O programa Casa Abrigo Regional, que desde 2003 oferece acolhimento para até 40 mulheres e seus filhos menores de idade em caso de risco à vida para as vítimas de violência doméstica, segue com seu trabalho neste período de quarentena. O acesso se dá pelos centros especializados nas cidades ou por encaminhamento das delegacias (veja os contatos acima).

“Estes serviços seguem funcionando normalmente. Por isso, durante a quarentena, é importante reforçar os mecanismos que ajudam essas mulheres a denunciar”, afirma a coordenadora do Grupo de Trabalho (GT) Gênero do Consórcio Intermunicipal do Grande ABC e presidente do Conselho Gestor da Casa Abrigo, Maria Aparecida da Silva.
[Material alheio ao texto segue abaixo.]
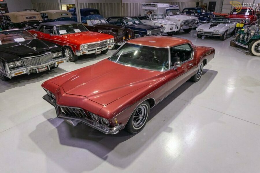 Dieser 1972 Buick Riviera ist ein wunderbar erhaltener 2-Besitzer Boattail Cruiser, der mit fantastischen Optionen ausgestattet ist und extrem gut dokumentiert ist. Buick stellte sein Riviera-Modell erstmals am 10. September 1962 im Las Vegas Riviera Hotel vor, sozusagen als Gegenstück zum beliebten Ford Thunderbird, dem Spitzenmodell der Marke. Im Laufe der Jahre änderten sich das Design und die Ausstattung des Riviera. Am 22. September 1970 kündigte Buick seinen vielleicht radikalsten Riviera für das Modelljahr 1971 an, der mit seiner ikonischen "Bootsschwanz"-Karosserielinie Anfang Oktober in den Ausstellungsräumen der Händler erschien. Der 1972er Buick Riviera behielt den Bootsheck-Look im Modelljahr '72 weitgehend bei, allerdings mit einigen stilistischen Neuerungen. Vorne blieb das nach vorne geneigte Design erhalten, aber ein neuer, gegossener "Eierkarton"-Kühlergrill ersetzte den Kunststoffkühlergrill des Vorjahres, der auf einer stärkeren Stoßstange montiert war. Die Seitenteile wurden außerdem mit einer neuen Gürtellinie verziert, die die einzigartige Silhouette des 72er Riviera betont. Am Heck wurde '72 eine neue Rückleuchtenbaugruppe mit 3 vertikalen Balken eingeführt, die die Rückleuchtenlinse unterteilen. Die andere wichtige Neuerung am Heck des Riviera im Jahr 1972 war die Entfernung der "Full Flo"-Lüftungsschlitze, die 1971 angeblich die Undichtigkeit der Kofferräume verursacht hatten. Auch die ultra-luxuriöse Innenausstattung blieb 1972 gegenüber 1971 weitgehend unverändert, allerdings wurde 1972 zum ersten Mal ein 60/40 "Notch Back"-Vordersitz für die Käufer des Buick Riviera verfügbar gemacht. Insgesamt wurden 1972 nur 33.728 Buick Rivieras produziert, was diesen klassischen Buick zu einem sehr seltenen Oldtimer macht. Dieser besondere 72er Riviera wird uns vom Zweitbesitzer des Fahrzeugs zusammen mit einer umfangreichen Dokumentation zur Verfügung gestellt. Unter der massiven Motorhaube dieses 1972er Buick Riviera befindet sich ein 455 Kubikzoll V8-Motor, der von einem einzigen 4-Fass-Vergaser gespeist wird und im Neuzustand 250 PS geleistet haben soll. Der Auspuff verlässt den 455er über eine kehlige Doppelauspuffanlage, die im Leerlauf oder beim Fahren auf der Straße einen fantastischen Klang erzeugt. Der 455 V8 wird von einem Turbo-Hydramatic-400-Automatikgetriebe unterstützt, das dieses Auto zu einem angenehmen und einfachen Klassiker macht, mit dem man zu einer Autoshow oder einer Nachmittagstour fahren kann. Sie werden auch in der Lage sein, den Gummi auf dem Asphalt zu halten, da dieser Riviera mit einer optionalen Positraction-Hinterachse ausgestattet ist. Neben dem muskulösen Triebwerk, das diesen 72er Riv auf der Straße antreibt, gibt es eine unglaubliche Auswahl an Funktionen und Optionen! Mit der Servolenkung ist es ein Leichtes, diesen fast 4.500 Pfund schweren Luxuskreuzer in enge Parklücken hinein- und wieder herauszuparken, da dies mit nur einer Hand leicht zu bewerkstelligen ist. Eine weitere Hilfe beim Einparken ist der verchromte Spiegel auf der Fahrerseite, den Sie mühelos mit der Innenraumfernbedienung einstellen können. Darüber hinaus können Sie diesen Full-Size-Buick viel bequemer zum Stehen bringen, da er auch mit Power-Frontscheibenbremsen ausgestattet ist, die eine viel bessere Bremsleistung als manuelle Trommelbremsen bieten. Dieser 1972er Riviera gleitet auf einem Satz P235/75R15 Weißwand-Radialreifen, die auf einem Satz optionaler Fünfspeichen-Chrom-Sporträder (Rallye) montiert sind, über die Straße, was bedeutet, dass Sie in der Lage sein werden, ruhiger und mit noch mehr Stil zu fahren! Die prächtige Karosserie dieses 72er Buick wurde korrekt in Vintage Red lackiert, was das äußere Erscheinungsbild dieses luxuriösen Riv vervollständigt. Das Interieur dieses 1972 Buick Riviera ist eine erstaunliche Zeitkapsel! Die 60/40-Klappsitze und die Mittelarmlehne sowie die Rücksitzbank tragen die korrekte schwarze Madrid-Polsterung, die mit den korrekten diamantgetufteten Nähten verziert ist. Die holzgetäfelten Türverkleidungen und das Lenkrad, die schwarzen Sonnenblenden, das gepolsterte Armaturenbrett und die brandneuen schwarzen Teppiche und Fußmatten scheinen in hervorragendem Zustand zu sein und bleiben in der Serienausstattung. Darüber hinaus ist der Innenraum absolut vollgepackt mit Funktionen! Sie werden selbst an den heißesten Sommertagen einen kühlen Kopf bewahren, denn dieser 72er Riviera ist mit einer Klimaanlage ausgestattet. Vielleicht möchten Sie die Klimaanlage nicht benutzen und nur eine kleine Brise frische Luft schnuppern; kein Problem, denn Sie können alle 4 elektrischen Fensterheber mit einem einfachen Knopfdruck bedienen. Das 3-Speichen-Lenkrad mit Holzmaserung ist ebenfalls auf einer neigbaren Säule montiert, so dass jeder bequem hinter dem Lenkrad Platz nehmen kann. Sogar die Fondpassagiere können ihre eigenen elektrischen Fenster herunterlassen, und jede Seite im Fond ist außerdem mit einem Zigarettenanzünder und einem Aschenbecher ausgestattet. Längere Fahrten mit diesem Buick Riviera werden durch den zusätzlichen Tempomat noch komfortabler, der eine wunderbare Ergänzung für jeden Oldtimer darstellt. Das Kombiinstrument ist mit einem Tachometer (120 MPH) und einer Tankanzeige ausgestattet und verfügt über verschiedene Kontrollleuchten, darunter eine Öldruck-, eine Motortemperatur-, eine Batterielade-, eine Brems- und sogar eine Anschnallkontrollleuchte. Sie werden auch in der Lage sein, all Ihre Musik zu hören, während Sie die Straße entlang cruisen, da dieser Riviera mit einem optionalen AM/FM-Stereo mit integriertem 8-Track-Player ausgestattet ist. Der Innenraum ist mit Sicherheitsgurten, einem ausziehbaren vorderen Aschenbecher und Zigarettenanzünder sowie einem abschließbaren Handschuhfach ausgestattet. Ganz gleich, ob Sie Ihren allerersten Oldtimer kaufen oder Ihre bestehende Sammlung erweitern wollen, dieser 1972 Buick Riviera ist eine ausgezeichn

A coordenadora afirma que o isolamento social é um fenômeno que já faz parte da vida de muitas mulheres, sendo em muitos casos ligado a situações de violência doméstica. “É muito comum o agressor tentar isolar socialmente a vítima dentro do próprio lar, mantendo-a longe dos olhos de outras pessoas. É prática frequente, historicamente com maior incidência de casos nos fins de semana, quando a maioria das famílias está em casa e que também foi potencializada pelo (novo) coronavírus”, pontua.